Problem: From the records below, pull each line that has "Black".

Records for the task section start

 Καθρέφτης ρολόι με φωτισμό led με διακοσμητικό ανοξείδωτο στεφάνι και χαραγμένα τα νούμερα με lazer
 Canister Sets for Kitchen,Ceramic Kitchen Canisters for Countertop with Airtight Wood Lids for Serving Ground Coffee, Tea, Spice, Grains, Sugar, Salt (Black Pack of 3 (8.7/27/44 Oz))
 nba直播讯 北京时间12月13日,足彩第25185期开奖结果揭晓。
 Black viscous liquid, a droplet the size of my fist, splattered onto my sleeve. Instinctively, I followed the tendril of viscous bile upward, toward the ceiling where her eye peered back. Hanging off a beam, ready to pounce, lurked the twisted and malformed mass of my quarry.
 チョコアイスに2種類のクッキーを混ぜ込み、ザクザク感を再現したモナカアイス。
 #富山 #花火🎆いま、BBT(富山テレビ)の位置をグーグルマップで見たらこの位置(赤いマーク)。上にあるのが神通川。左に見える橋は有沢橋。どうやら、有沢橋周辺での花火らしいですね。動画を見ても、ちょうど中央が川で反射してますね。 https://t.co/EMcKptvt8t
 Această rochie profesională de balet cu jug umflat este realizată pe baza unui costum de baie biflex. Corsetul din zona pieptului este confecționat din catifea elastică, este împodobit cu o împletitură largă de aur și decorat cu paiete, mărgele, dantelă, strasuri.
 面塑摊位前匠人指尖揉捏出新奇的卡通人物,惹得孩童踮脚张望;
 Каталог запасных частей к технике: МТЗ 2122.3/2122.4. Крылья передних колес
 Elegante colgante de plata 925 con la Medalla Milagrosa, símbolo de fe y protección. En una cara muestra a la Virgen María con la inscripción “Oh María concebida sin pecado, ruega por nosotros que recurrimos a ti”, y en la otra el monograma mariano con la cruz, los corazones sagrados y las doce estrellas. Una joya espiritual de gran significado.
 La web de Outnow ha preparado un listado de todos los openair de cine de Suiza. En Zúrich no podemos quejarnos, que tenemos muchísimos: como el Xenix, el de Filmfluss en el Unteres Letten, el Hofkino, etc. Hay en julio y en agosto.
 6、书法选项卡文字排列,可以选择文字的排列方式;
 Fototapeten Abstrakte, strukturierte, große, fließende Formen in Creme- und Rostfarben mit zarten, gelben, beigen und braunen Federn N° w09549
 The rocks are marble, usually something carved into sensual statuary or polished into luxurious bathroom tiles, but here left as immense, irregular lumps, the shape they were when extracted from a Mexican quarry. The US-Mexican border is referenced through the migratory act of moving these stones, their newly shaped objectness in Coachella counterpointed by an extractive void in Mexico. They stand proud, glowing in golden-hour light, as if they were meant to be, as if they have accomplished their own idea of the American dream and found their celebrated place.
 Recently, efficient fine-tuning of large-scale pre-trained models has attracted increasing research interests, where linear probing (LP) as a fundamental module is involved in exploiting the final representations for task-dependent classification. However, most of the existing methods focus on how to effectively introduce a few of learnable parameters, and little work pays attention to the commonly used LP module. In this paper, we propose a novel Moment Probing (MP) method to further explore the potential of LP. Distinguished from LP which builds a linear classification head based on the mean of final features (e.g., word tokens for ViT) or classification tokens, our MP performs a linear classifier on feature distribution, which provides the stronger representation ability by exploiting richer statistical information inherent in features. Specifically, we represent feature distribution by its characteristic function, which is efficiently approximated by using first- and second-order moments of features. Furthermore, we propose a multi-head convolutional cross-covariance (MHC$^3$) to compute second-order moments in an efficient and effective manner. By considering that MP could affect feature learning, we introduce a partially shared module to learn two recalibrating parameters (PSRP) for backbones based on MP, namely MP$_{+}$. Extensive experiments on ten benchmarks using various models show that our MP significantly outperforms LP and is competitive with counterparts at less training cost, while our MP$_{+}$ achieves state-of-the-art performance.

Records for the task section end

Your solution:
 Canister Sets for Kitchen,Ceramic Kitchen Canisters for Countertop with Airtight Wood Lids for Serving Ground Coffee, Tea, Spice, Grains, Sugar, Salt (Black Pack of 3 (8.7/27/44 Oz))
 Black viscous liquid, a droplet the size of my fist, splattered onto my sleeve. Instinctively, I followed the tendril of viscous bile upward, toward the ceiling where her eye peered back. Hanging off a beam, ready to pounce, lurked the twisted and malformed mass of my quarry.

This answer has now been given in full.